Data block Block Start

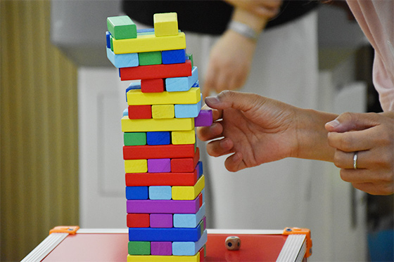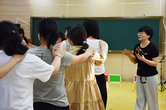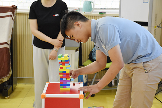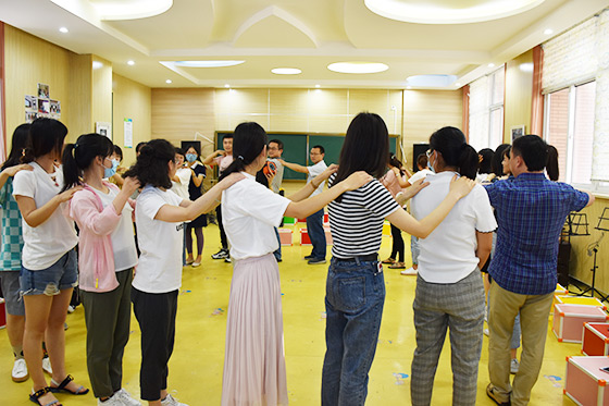 在今天的活動(dòng)中,周老師先從調(diào)動(dòng)情緒氣氛開始。上了一天的課,來到活動(dòng)室的老師們略顯疲憊,周老師用左手撘右手、大風(fēng)吹兩個(gè)小游戲幫助老師活動(dòng)活動(dòng)勞累了一天的身體,并引導(dǎo)大家更好的觀察彼此,看看這些天天與自己一起工作的可愛人兒們;人是社會(huì)性的動(dòng)物,參與到團(tuán)體生活中既是我們的屬性使然,也是我們的需求,團(tuán)體協(xié)作的高效進(jìn)行才能將我們的工作生活指向一個(gè)更好的層面。以團(tuán)隊(duì)解碼和步步驚心兩個(gè)小游戲?yàn)槔蠋焸冎g的傾聽、交流對(duì)游戲能否快速完成極為重要,而在行動(dòng)中將這個(gè)團(tuán)隊(duì)的利益納入考慮范圍,則關(guān)系到游戲是否能繼續(xù)進(jìn)行下去。我們每個(gè)人都是團(tuán)隊(duì)的一部分,而且是不可或缺的一部分。
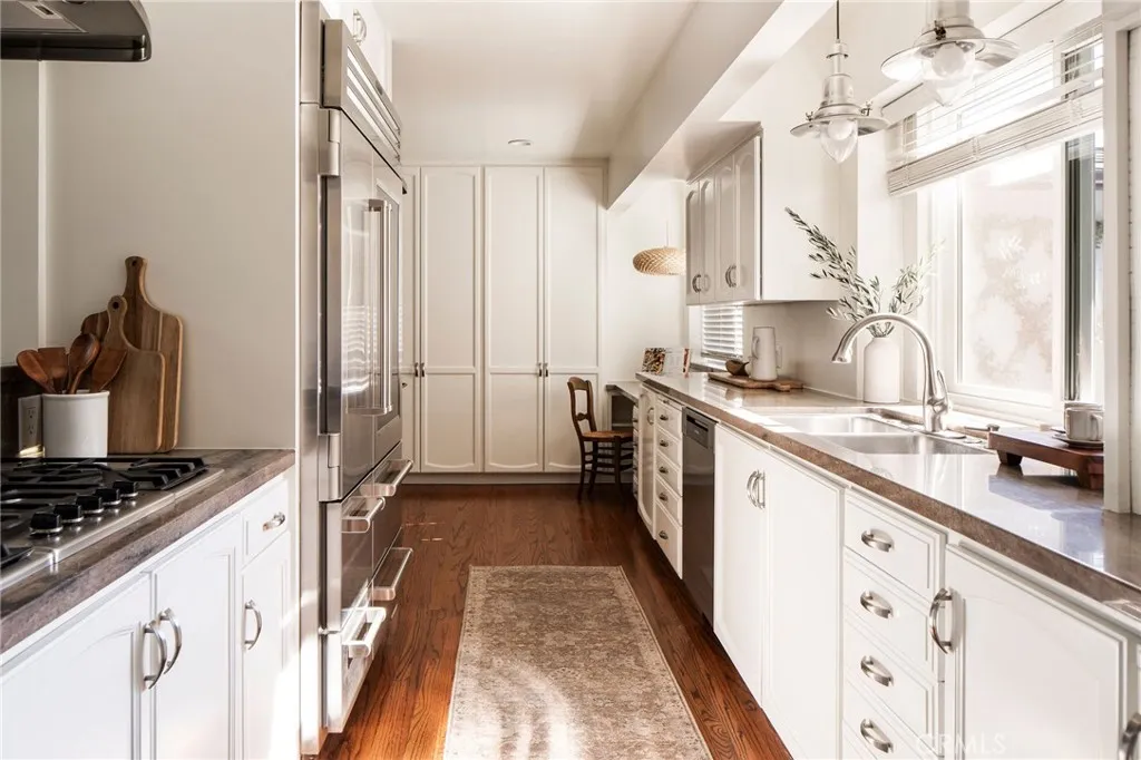 The kitchen has been designed with longevity and functionality in mind, featuring a Miele dishwasher, a Sub-Zero refrigerator, Bosch double ovens, a built-in coffee station, and a breakfast nook complemented by a wet bar and beverage refrigerator. Bathrooms have been updated with stone surfaces and pedestal tubs, maintaining a restrained material palette that respects the home’s original character while providing modern comfort.
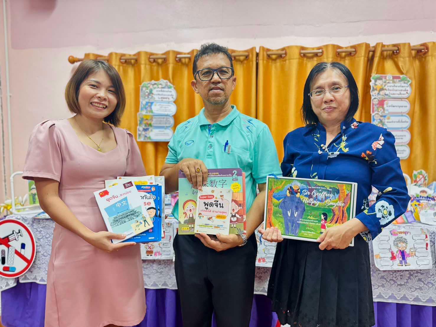 วันที่ 19 กุมภาพันธ์ 2567 ที่ผ่านมา สาขาวิชาภาษาจีน สำนักวิชาศิลปศาสตร์ นำโดย ผศ.ดร.ไพรินทร์ ศรีสินทร และ อ.ดร.นุจรีย์ สุทธิพันธ์ ได้มอบหนังสือภาษาจีน ให้แก่ โรงเรียนชุมชนใหม่ โดยกิจกรรมดังกล่าวเป็นส่วนหนึ่งของ โครงการยกระดับโรงเรียนชุมชนใหม่สู่โรงเรียนต้นแบบด้านการศึกษาอย่างยั่งยืน: กิจกรรมสนุกคิด สนุกทำผ่านกิจกรรมนันทนาการของจีนเพื่อส่งเสริมการเรียนรู้ที่ยั่งยืน ที่มุ่งเน้นการส่งเสริมการเรียนรู้ผ่านการอ่าน นอกเหนือจากการจัดกิจกรรมส่งเสริมความรู้ทางวัฒนธรรมจีนภายในห้องเรียน ซึ่งการมอบหนังสือในครั้งนี้ไม่เพียงเป็นการเพิ่มทรัพยากรทางการศึกษาให้แก่ห้องสมุดของโรงเรียน แต่ยังเป็น โอกาสสำคัญในการจุดประกายความสนใจและสร้างแรงบันดาลใจ ให้แก่นักเรียนในการศึกษาภาษาจีน ซึ่งเป็นภาษาสำคัญในระดับสากล นอกจากนี้อาจารย์จากสาขาภาษาจีนยังได้ร่วมพูดคุยแลกเปลี่ยนความรู้กับผู้อำนวยการของโรงเรียนชุมชนใหม่ พร้อมให้คำแนะนำเกี่ยวกับการใช้หนังสือเพื่อพัฒนาทักษะด้านภาษาจีน ไม่ว่าจะเป็นการฝึกอ่าน ฝึกเขียน หรือเสริมสร้างความเข้าใจเกี่ยวกับวัฒนธรรมจีน

Data block Block End

Nothing should appear in the reply except the lines from the start of the listing above through the line with "The kitchen has", repeated exactly and free of pictures.

 在今天的活動(dòng)中,周老師先從調(diào)動(dòng)情緒氣氛開始。上了一天的課,來到活動(dòng)室的老師們略顯疲憊,周老師用左手撘右手、大風(fēng)吹兩個(gè)小游戲幫助老師活動(dòng)活動(dòng)勞累了一天的身體,并引導(dǎo)大家更好的觀察彼此,看看這些天天與自己一起工作的可愛人兒們;人是社會(huì)性的動(dòng)物,參與到團(tuán)體生活中既是我們的屬性使然,也是我們的需求,團(tuán)體協(xié)作的高效進(jìn)行才能將我們的工作生活指向一個(gè)更好的層面。以團(tuán)隊(duì)解碼和步步驚心兩個(gè)小游戲?yàn)槔蠋焸冎g的傾聽、交流對(duì)游戲能否快速完成極為重要,而在行動(dòng)中將這個(gè)團(tuán)隊(duì)的利益納入考慮范圍,則關(guān)系到游戲是否能繼續(xù)進(jìn)行下去。我們每個(gè)人都是團(tuán)隊(duì)的一部分,而且是不可或缺的一部分。
 The kitchen has been designed with longevity and functionality in mind, featuring a Miele dishwasher, a Sub-Zero refrigerator, Bosch double ovens, a built-in coffee station, and a breakfast nook complemented by a wet bar and beverage refrigerator. Bathrooms have been updated with stone surfaces and pedestal tubs, maintaining a restrained material palette that respects the home’s original character while providing modern comfort.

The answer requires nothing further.